Neuro - inflammation and infection Flashcards
MULTIPLE SCLEROSIS
i) what is it? what is the charac pattern? what is avg age onset?
ii) name six symptoms? which motor neurons does it affect? what part of the CNS does it affect? is weakness seen?
iii) what should be done first? what should be done following this?
iv) how may an acute relapse be treated?
i) autoinflammatory demyelinating disease of the CNS with relapsing/remitting or progressive
age 20-40
ii) dysphagia, tremor, sensory change, ataxia, visual loss, urinary urgency, fatiuue, diplopia, spasticity
affects UMN and white matter in CNS (brain, sp cord, optic nerves)
dont see weakness as doesnt affect grey matter
iii) do brain MRI - see lesions
then confirm inflamm by taking CSF - see oligoclonal bands
iv) acute relapse - tx with steroids (500mg oral pred for 5d), immunomod, disease mod tx
MS EYE DISEASE
i) what is optic neuritis? how does it present? name four key features
ii) which nerve is implicated if pt px with diplopia?
iii) what is internuc opthalmoplegia?
iv) what is conjugate lateral gaze disorder?

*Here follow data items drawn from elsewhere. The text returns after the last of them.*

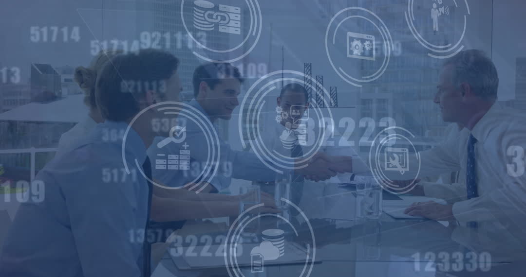 A diverse group of business professionals engaged in a meeting symbolize collaboration and global networking. Digital icons overlaying the meeting represent technological integration and innovation. The handshake emphasizes successful partnership and connections in the modern digital landscape. This video is ideal for presentations on corporate strategies, fintech, digital transformation strategies, and global business solutions.
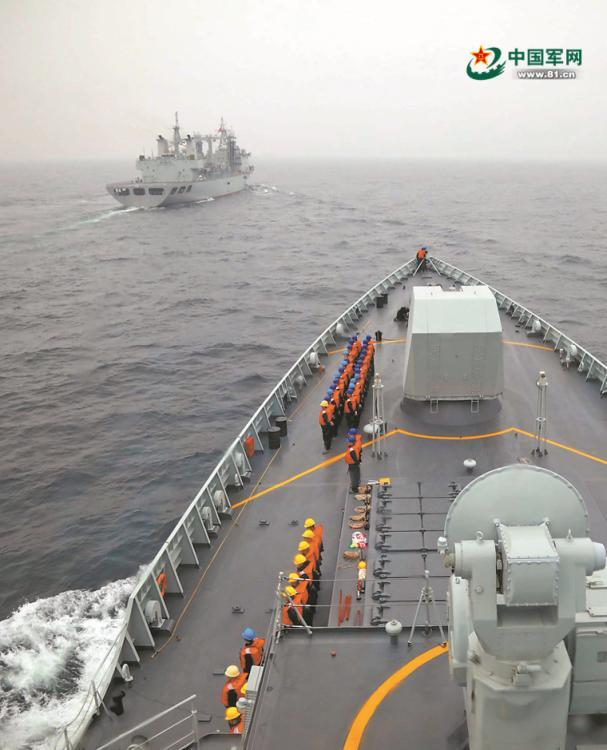 东海某海域,绵绵阴雨中,东部战区海军某驱逐舰支队舰艇编队展开一场实战化攻防演练。警报拉响,太原舰作战指挥室各战位号手紧张忙碌,电子海图和雷达屏幕上目标参数变换闪烁。当显示“敌”舰的黄点突然出现在屏幕上时,官兵精神高度集中。“攻击,左舷齐射……”炮声隆隆,海面腾起一团火焰。图为航行补给占位训练。温子东 李宇 摄影报道
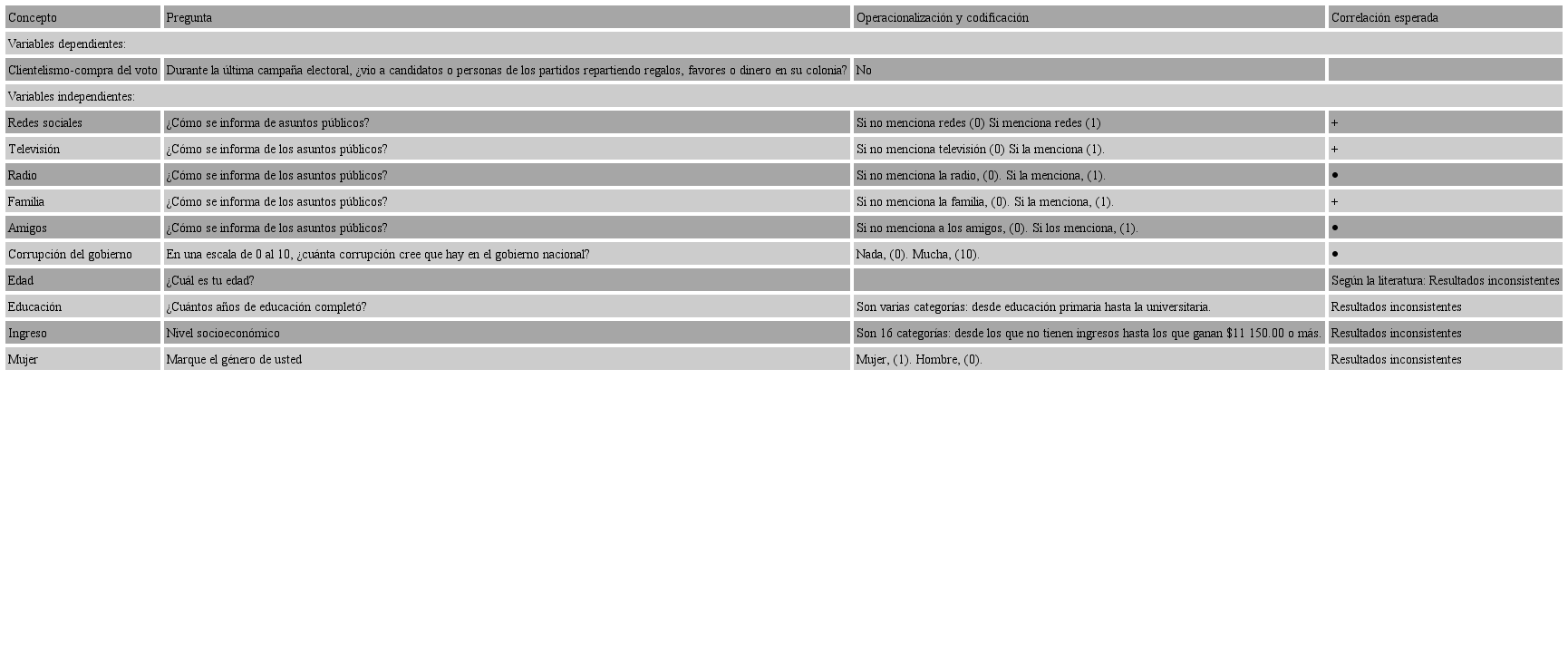 El análisis de este artículo se basa en el estudio de 2017 de Latinobarómetro,43 que incluye datos de encuestas realizadas en 18 países de América Latina. El presente trabajo retoma exclusivamente la encuesta realizada en México, debido a su objeto de investigación: el papel de las redes sociales para alertar a los ciudadanos acerca del llamado clientelismo y la compra del voto en la elección presidencial de 2018. Es una encuesta representativa, en el nivel nacional, de adultos en edad de votar. Se llevó a cabo a través de entrevistas cara a cara; la muestra fue desarrollada utilizando un diseño probabilístico multietápico por conglomerados (con cuotas en el nivel del hogar), y fue estratificada por regiones, tamaños de los municipios y por zona urbana y rural dentro de cada municipio. Aproximadamente, 1 200 personas fueron encuestadas.44 La variable dependiente es si los encuestados vieron a los candidatos o personas de los partidos políticos repartiendo regalos, “favores” (clientelismo) o dinero (compra del voto) entre la población. Esta pregunta permite medir tanto el clientelismo (intercambio no monetario: regalos, favores) como la compra del voto (intercambio monetario, dinero). El Cuadro 1 muestra todas las variables y su operatividad.
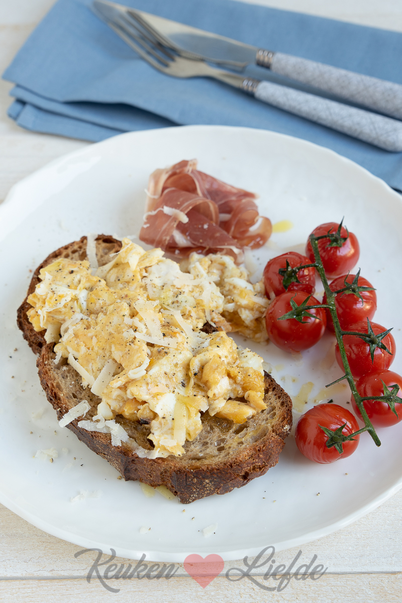 Verdeel het roerei over het toast en serveer met een de Parmaham, een trosje cherrytomaten en rasp er wat Parmezaan overheen. Bestrooi met zwarte peper uit de molen. Serveer direct.

i) demyelination of the optic nerve and loss of vision in one eye
unilat vis loss presenting over hours to days
central scotoma (enlarged blind spot), pain on eye movement, impaired colour vision, relative afferent pupil defect
ii) diplopia > CN6 palsy
iii) IO - problems with muscles around the eye involving nerve fibres that connect cranial nerve nuclei 3/4/6 - co-ord eye movement to mke sure that eyes move together
iv) conjugate gaze disorder - affected eye cannot abduct therefore when looking to one side eg left - right eye looks to left but left eye stays central
GUILLIAN BARRE SYNDROME
i) what is it? what nerves does it affect? name four symptoms?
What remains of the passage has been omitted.